In [None]:
# This Python 3 environment comes with many helpful analytics libraries installed
# It is defined by the kaggle/python Docker image: https://github.com/kaggle/docker-python
# For example, here's several helpful packages to load

import numpy as np # linear algebra
import pandas as pd # data processing, CSV file I/O (e.g. pd.read_csv)

# Input data files are available in the read-only "../input/" directory
# For example, running this (by clicking run or pressing Shift+Enter) will list all files under the input directory

import os
for dirname, _, filenames in os.walk('/kaggle/input'):
    for filename in filenames:
        print(os.path.join(dirname, filename))

# You can write up to 20GB to the current directory (/kaggle/working/) that gets preserved as output when you create a version using "Save & Run All" 
# You can also write temporary files to /kaggle/temp/, but they won't be saved outside of the current session

# **Imputation**

Datasets may have missing values, and this can cause problems for many machine learning algorithms.

As such, it is good practice to identify and replace missing values for each column in your input data prior to modeling your prediction task. This is called missing data imputation, or imputing for short.

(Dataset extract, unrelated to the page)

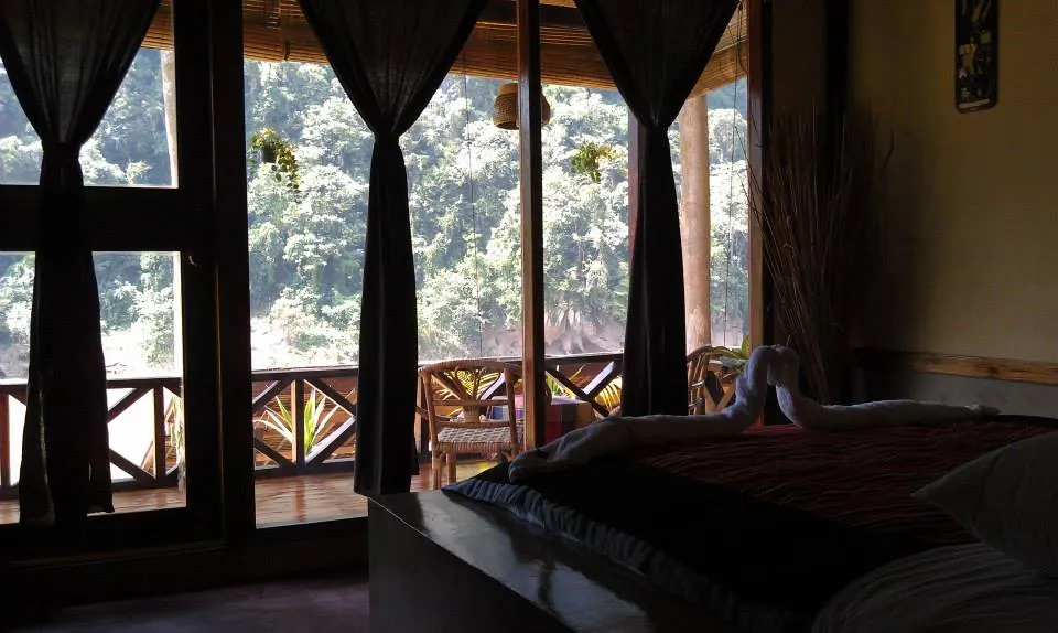 Situated high on the banks of the Nam Ou river, opposite the incredible Pha Xang cliffs plunging into the river, Mandala Ou Resort offers you the choice of 10 deluxe detached bungalows incorporating your modern comfort needs with a quality, traditional Lao design. Each bungalow offers king sized bedding, a large modern bathroom ,a private balcony, all modern amenities and free WiFi connectivity throughout. Our guests are welcome to enjoy the infinity edge pool and teak decking overlooking the river, jungle and mountains, a Lao herbal steam sauna, relaxed raised seating around our reflective fountain pool, and a unique Yoga and Massage platform overlooking the river with sunset view. We are pleased to provide you with our internationally qualified Yoga instructor for individual lessons or group sessions. For all your culinary desires, our modern kitchen serves authentic pan-Lao specialities in addition to classic Thai and Western cuisine - enjoy your meals in your own time with splendid views of the surrounding mountains and the local river life...and soak up the ambiance with a sundowner at our poolside cocktail bar.

**Imputation is a technique used for replacing the missing data with some substitute value to retain most of the data/information of the dataset. These techniques are used because removing the data from the dataset every time is not feasible and can lead to a reduction in the size of the dataset to a large extend, which not only raises concerns for biasing the dataset but also leads to incorrect analysis.**

![imp1](https://miro.medium.com/max/1400/1*PovaJ2Ka7PdlJinqjHAwDQ.png)

#### **Note**

* *Missing values must be marked with NaN values and can be replaced with statistical measures to calculate the column of values.*
* *How to load a CSV value with missing values and mark the missing values with NaN values and report the number and percentage of missing values for each column.*
* *How to impute missing values with statistics as a data preparation method when evaluating models and when fitting a final model to make predictions on new data.*

## **Why Its Needed?**

We use imputation because Missing data can cause the below issues: –

1. **Incompatible with most of the Python libraries used in Machine Learning:-** Yes, you read it right. While using the libraries for ML(the most common is skLearn), they don’t have a provision to automatically handle these missing data and can lead to errors.
2. **Distortion in Dataset:-** A huge amount of missing data can cause distortions in the variable distribution i.e it can increase or decrease the value of a particular category in the dataset.
3. **Affects the Final Model:-** the missing data can cause a bias in the dataset and can lead to a faulty analysis by the model.

Importantly “We want to restore the complete dataset”. This is mostly in the case when we do not want to lose any data from our dataset as all of it is important, If dataset size is not very big, and removing some part of it can have a significant impact on the final model.

## **Types**

![imp2](https://1.bp.blogspot.com/-gF6uDeQi8ck/X0KeUfSFrgI/AAAAAAAAKUQ/PwsXhRPAjDsiWQlwnQn7085QAkU6IJJ_wCLcBGAsYHQ/s1357/data%2Bvariables.PNG)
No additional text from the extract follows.